MATERIAL FOR THE TASK section start

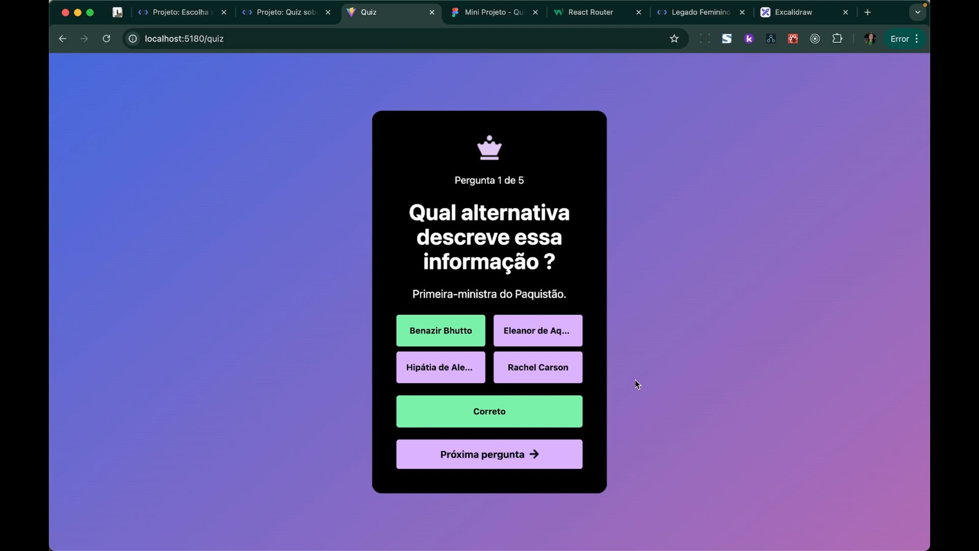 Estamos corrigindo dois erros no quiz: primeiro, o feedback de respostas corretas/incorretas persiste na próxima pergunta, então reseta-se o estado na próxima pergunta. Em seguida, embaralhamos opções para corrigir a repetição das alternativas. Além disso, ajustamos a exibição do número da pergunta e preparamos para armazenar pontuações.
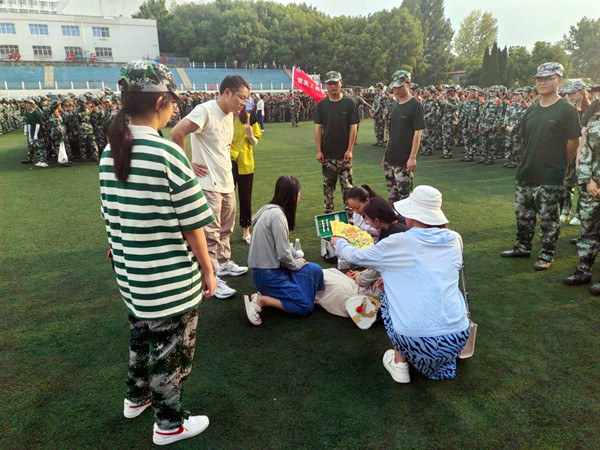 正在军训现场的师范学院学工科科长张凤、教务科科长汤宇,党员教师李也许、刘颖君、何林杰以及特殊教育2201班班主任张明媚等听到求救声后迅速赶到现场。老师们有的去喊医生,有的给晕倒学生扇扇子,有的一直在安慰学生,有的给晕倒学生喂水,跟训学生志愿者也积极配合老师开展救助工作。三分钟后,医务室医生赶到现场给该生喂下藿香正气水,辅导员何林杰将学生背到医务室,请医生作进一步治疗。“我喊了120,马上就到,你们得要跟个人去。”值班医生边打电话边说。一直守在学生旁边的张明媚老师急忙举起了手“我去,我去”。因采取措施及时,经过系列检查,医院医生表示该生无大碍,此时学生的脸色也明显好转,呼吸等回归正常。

MATERIAL FOR THE TASK section end
MATERIAL FOR THE TASK section start

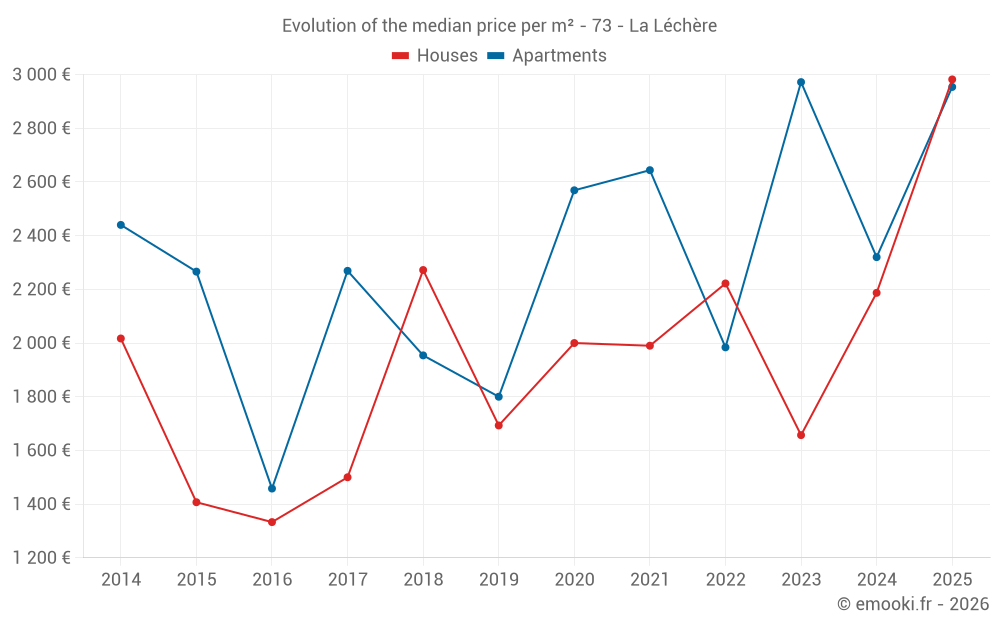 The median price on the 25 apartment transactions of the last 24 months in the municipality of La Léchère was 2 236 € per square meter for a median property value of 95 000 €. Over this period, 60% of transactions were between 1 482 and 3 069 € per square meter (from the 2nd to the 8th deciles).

MATERIAL FOR THE TASK section end

» **WHAT YOU WILL DO**
Would you copy, word for word, only the lines above from the one containing "Estamos corrigindo dois" through the one containing "正在军训现场的师范学院学工科", both included, and please leave out the pictures?

» **TASK RESPONSE**
 Estamos corrigindo dois erros no quiz: primeiro, o feedback de respostas corretas/incorretas persiste na próxima pergunta, então reseta-se o estado na próxima pergunta. Em seguida, embaralhamos opções para corrigir a repetição das alternativas. Além disso, ajustamos a exibição do número da pergunta e preparamos para armazenar pontuações.
 正在军训现场的师范学院学工科科长张凤、教务科科长汤宇,党员教师李也许、刘颖君、何林杰以及特殊教育2201班班主任张明媚等听到求救声后迅速赶到现场。老师们有的去喊医生,有的给晕倒学生扇扇子,有的一直在安慰学生,有的给晕倒学生喂水,跟训学生志愿者也积极配合老师开展救助工作。三分钟后,医务室医生赶到现场给该生喂下藿香正气水,辅导员何林杰将学生背到医务室,请医生作进一步治疗。“我喊了120,马上就到,你们得要跟个人去。”值班医生边打电话边说。一直守在学生旁边的张明媚老师急忙举起了手“我去,我去”。因采取措施及时,经过系列检查,医院医生表示该生无大碍,此时学生的脸色也明显好转,呼吸等回归正常。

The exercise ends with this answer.